##### DATA BLOCK #####

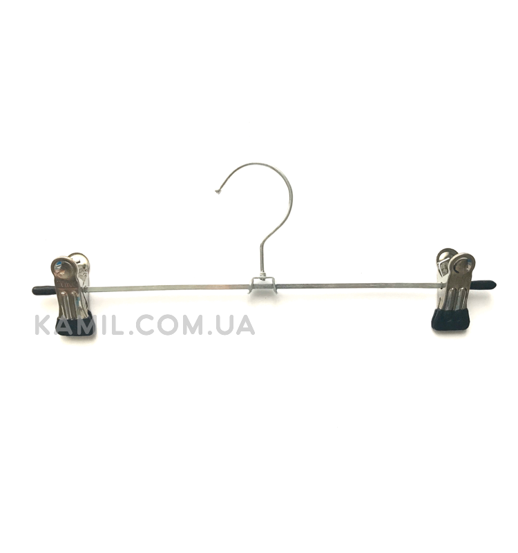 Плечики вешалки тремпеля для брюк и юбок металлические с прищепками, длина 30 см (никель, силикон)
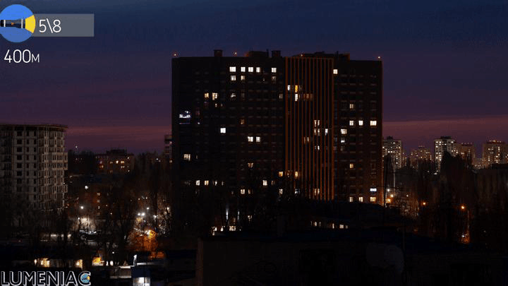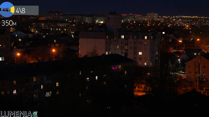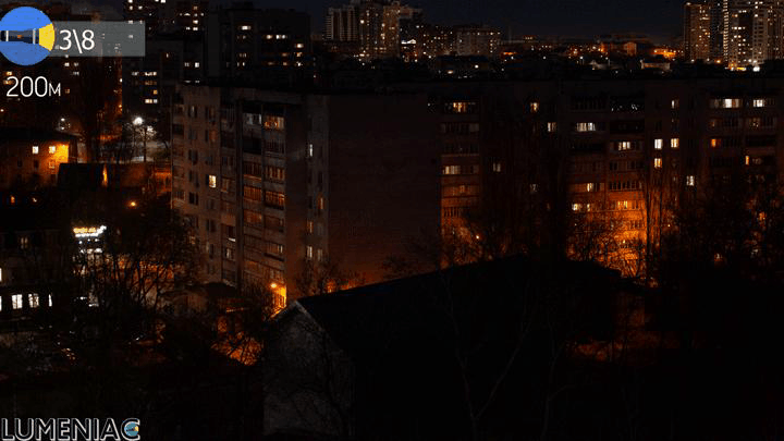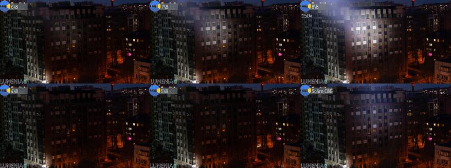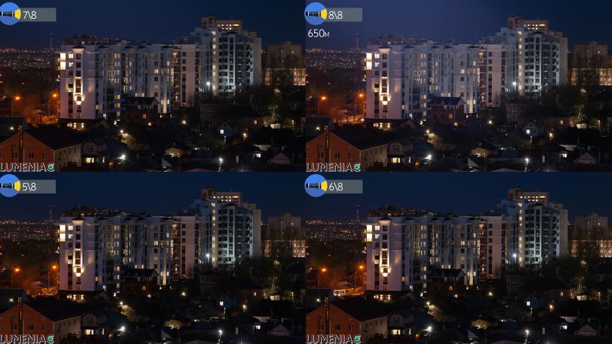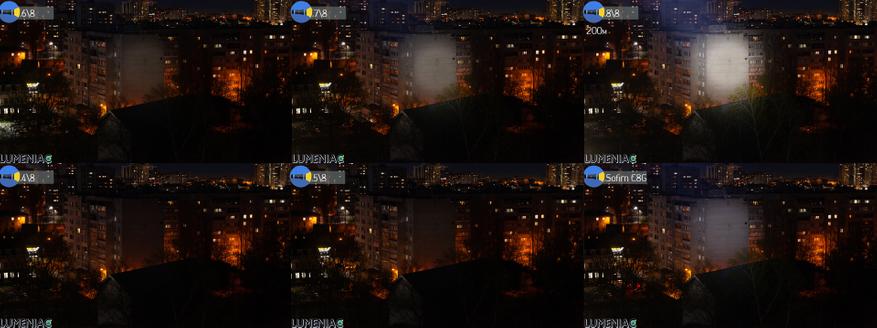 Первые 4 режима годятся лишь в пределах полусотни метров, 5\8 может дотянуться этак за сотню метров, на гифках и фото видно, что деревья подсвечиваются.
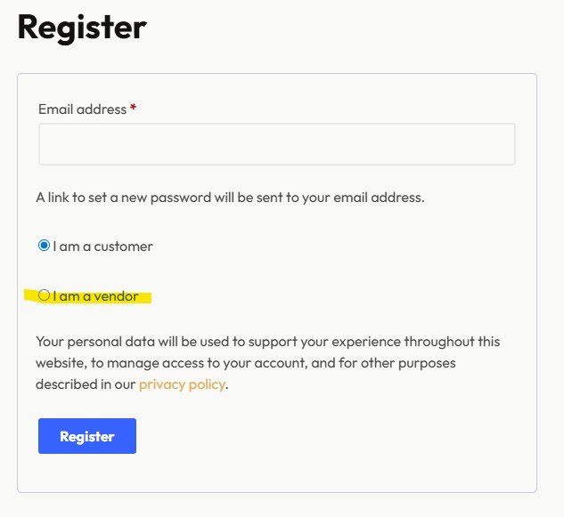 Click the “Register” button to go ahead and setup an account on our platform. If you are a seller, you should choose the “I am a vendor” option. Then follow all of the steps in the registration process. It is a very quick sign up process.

#####

[WORK REQUIRED]:
Output all of the data exactly. Skip the pictures.

[WRITTEN RESPONSE]:
 Плечики вешалки тремпеля для брюк и юбок металлические с прищепками, длина 30 см (никель, силикон)
 Первые 4 режима годятся лишь в пределах полусотни метров, 5\8 может дотянуться этак за сотню метров, на гифках и фото видно, что деревья подсвечиваются.
 Click the “Register” button to go ahead and setup an account on our platform. If you are a seller, you should choose the “I am a vendor” option. Then follow all of the steps in the registration process. It is a very quick sign up process.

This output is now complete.